A tripulação não só reuniu dados valiosos sobre Orion e sobre a Lua – e depois regressou em segurança – mas também parece ter reacendido o interesse público na exploração espacial mais de meio século após o fim do programa Apollo. A tripulação do Artemis estabeleceu um recorde para a maior distância percorrida da Terra (252.756 milhas) e viu áreas da Lua que nunca haviam sido vistas pelos olhos humanos.
A NASA está agora a voltar a sua atenção para futuras missões lunares, com o objetivo final de construir uma base lunar na década de 2030 e lançar missões tripuladas a Marte na década de 2040.
A história diz-nos que será mais fácil falar do que fazer manter o financiamento governamental, o apoio público e a segurança da missão. No sábado, porém, a tripulação do Artemis II e os líderes da NASA começaram a processar o âmbito da missão durante os seus primeiros comentários públicos desde o mergulho.
“Você não nos ouviu falar muito sobre ciência, sobre as coisas que aprendemos”, disse Hansen, astronauta da agência espacial canadense. “Eles estão lá e são incríveis, mas é a experiência humana que é extraordinária para nós”.
“O que você viu foi um grupo de pessoas que adoram contribuir, fazem uma contribuição significativa e sentem alegria com isso”, acrescentou.
Artemis II foi o “ato de abertura do retorno da América à Lua”, disse o administrador da NASA, Jared Isaacman, no sábado. “Artemis III começará a ser montada e a próxima tripulação começará a desempenhar seu papel quando retornarmos à superfície lunar, construirmos a base e nunca mais desistirmos da Lua.”
Aqui estão cinco conclusões principais da missão:
Orion funciona (principalmente)
A espaçonave em forma de lágrima já havia voado ao redor da Lua em 2022 e retornado na missão Artemis I, mas essa missão não era tripulada. Artemis II foi o teste vital dos chamados “sistemas humanos” da cápsula, incluindo suporte de vida e controle de temperatura.
Um sistema humano que teve problemas quase imediatos foi o banheiro. Poucas horas após o início da missão, a tripulação relatou que a cômoda de microgravidade especialmente projetada havia travado. Apesar de dias de solução de problemas, a tripulação e os engenheiros da NASA no terreno não conseguiram diagnosticar e resolver o problema. Eles esperam encontrar uma solução quando Orion retornar ao Centro Espacial Kennedy nas próximas semanas.
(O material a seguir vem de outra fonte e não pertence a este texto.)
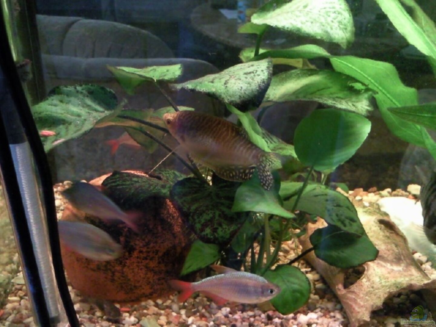 10xRote Neon, M-W nicht genau zu bestimmen da noch nicht alle Adult, 8xMetallpanzerwelse, 2xM6xW, 5xKirschflecksalmler, Geschlechter nicht zu best. 5xBlau-Rote Kolumbiensalmler, Geschl. auch nicht best., 2xW.Gelbe Fadenfische [vertragen sich nicht mit M., deswegen m. in anderem Aq.] 2xBraune Antennenwelse M.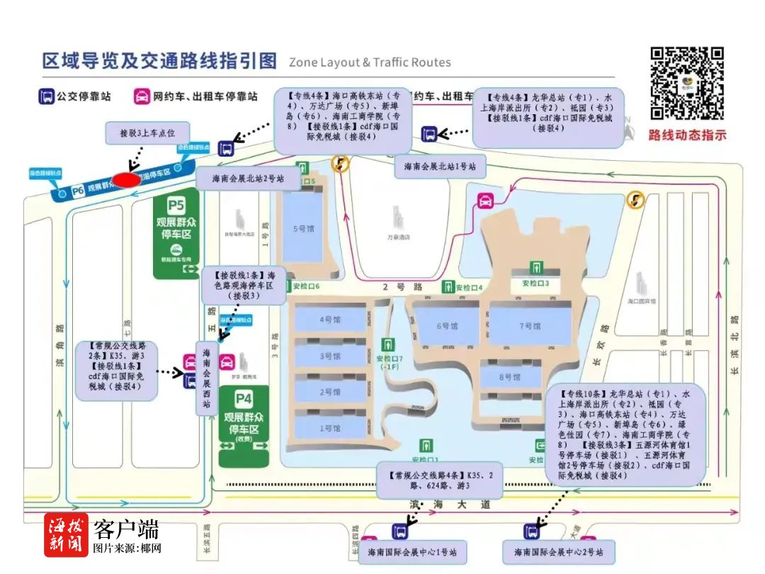 消博会期间,展会周边设置海南会展北站1号站、海南会展北站2号站、海南会展西站、海南国际会展中心1号站、海南国际会展中心2号站等5个公交站点。

Outro problema, mais sério, parece ter sido resolvido. O escudo térmico da cápsula Artemis I Orion sofreu rachaduras e abrasão durante a reentrada. A NASA informou que identificou a causa e ajustou o ângulo de reentrada do Artemis II para reduzir o estresse no escudo térmico. Mais análises se seguirão, mas as mudanças parecem ter funcionado.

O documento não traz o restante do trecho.